------ Task input ------

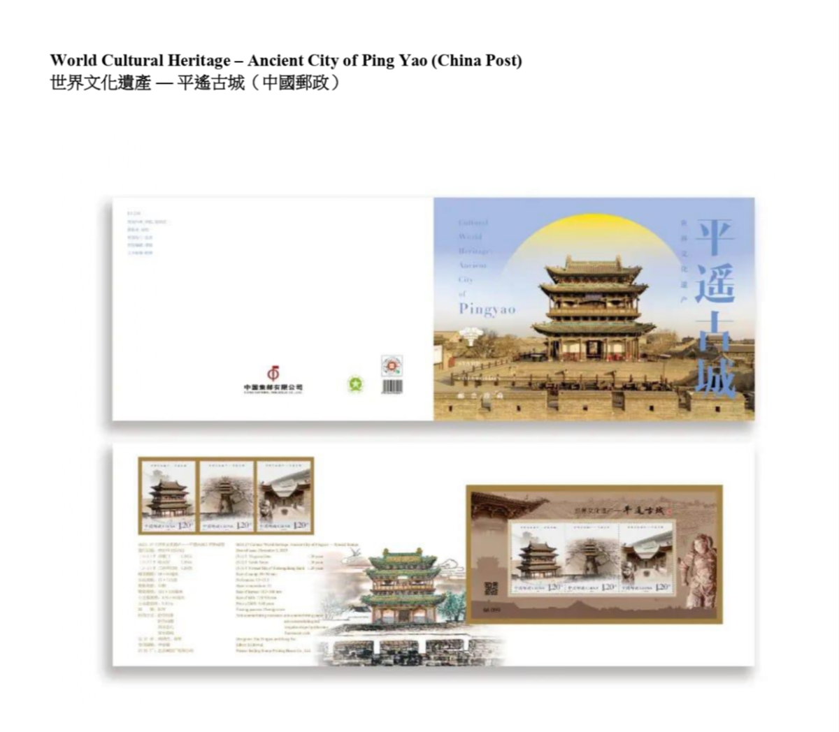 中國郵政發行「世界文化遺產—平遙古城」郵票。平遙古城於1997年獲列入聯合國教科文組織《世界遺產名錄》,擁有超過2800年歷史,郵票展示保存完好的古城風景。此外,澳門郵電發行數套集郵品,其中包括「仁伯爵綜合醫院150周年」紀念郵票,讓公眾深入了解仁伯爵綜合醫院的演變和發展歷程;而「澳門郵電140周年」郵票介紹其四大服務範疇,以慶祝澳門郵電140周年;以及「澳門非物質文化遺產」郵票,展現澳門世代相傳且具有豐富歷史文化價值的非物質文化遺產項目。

------
------ Task input ------

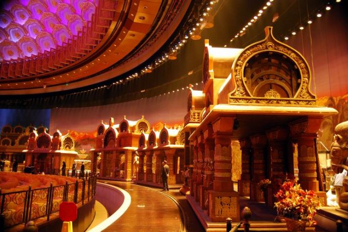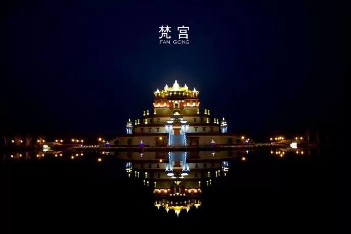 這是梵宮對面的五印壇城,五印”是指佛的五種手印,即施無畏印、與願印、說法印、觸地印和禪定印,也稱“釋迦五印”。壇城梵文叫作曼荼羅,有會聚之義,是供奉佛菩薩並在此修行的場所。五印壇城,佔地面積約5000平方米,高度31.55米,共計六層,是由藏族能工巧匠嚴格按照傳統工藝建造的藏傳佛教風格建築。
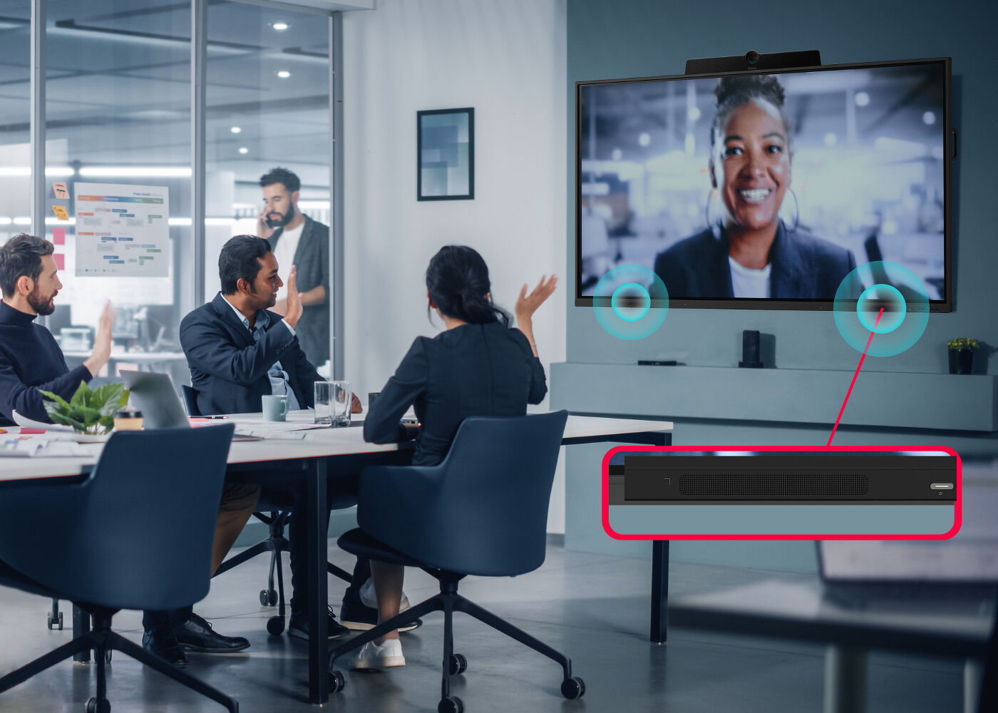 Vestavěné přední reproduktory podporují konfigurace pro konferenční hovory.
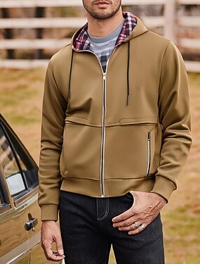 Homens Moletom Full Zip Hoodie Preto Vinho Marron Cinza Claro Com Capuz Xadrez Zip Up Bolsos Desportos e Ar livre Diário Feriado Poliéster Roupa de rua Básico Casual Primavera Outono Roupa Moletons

------

§ **Try it**
In the listing above, find the line holding "這是梵宮對面的五印壇城,五印" and the line holding "Homens Moletom Full". Reproduce those two lines and all between them exactly, leaving out pictures.

§ **Answer section**
 這是梵宮對面的五印壇城,五印”是指佛的五種手印,即施無畏印、與願印、說法印、觸地印和禪定印,也稱“釋迦五印”。壇城梵文叫作曼荼羅,有會聚之義,是供奉佛菩薩並在此修行的場所。五印壇城,佔地面積約5000平方米,高度31.55米,共計六層,是由藏族能工巧匠嚴格按照傳統工藝建造的藏傳佛教風格建築。
 Vestavěné přední reproduktory podporují konfigurace pro konferenční hovory.
 Homens Moletom Full Zip Hoodie Preto Vinho Marron Cinza Claro Com Capuz Xadrez Zip Up Bolsos Desportos e Ar livre Diário Feriado Poliéster Roupa de rua Básico Casual Primavera Outono Roupa Moletons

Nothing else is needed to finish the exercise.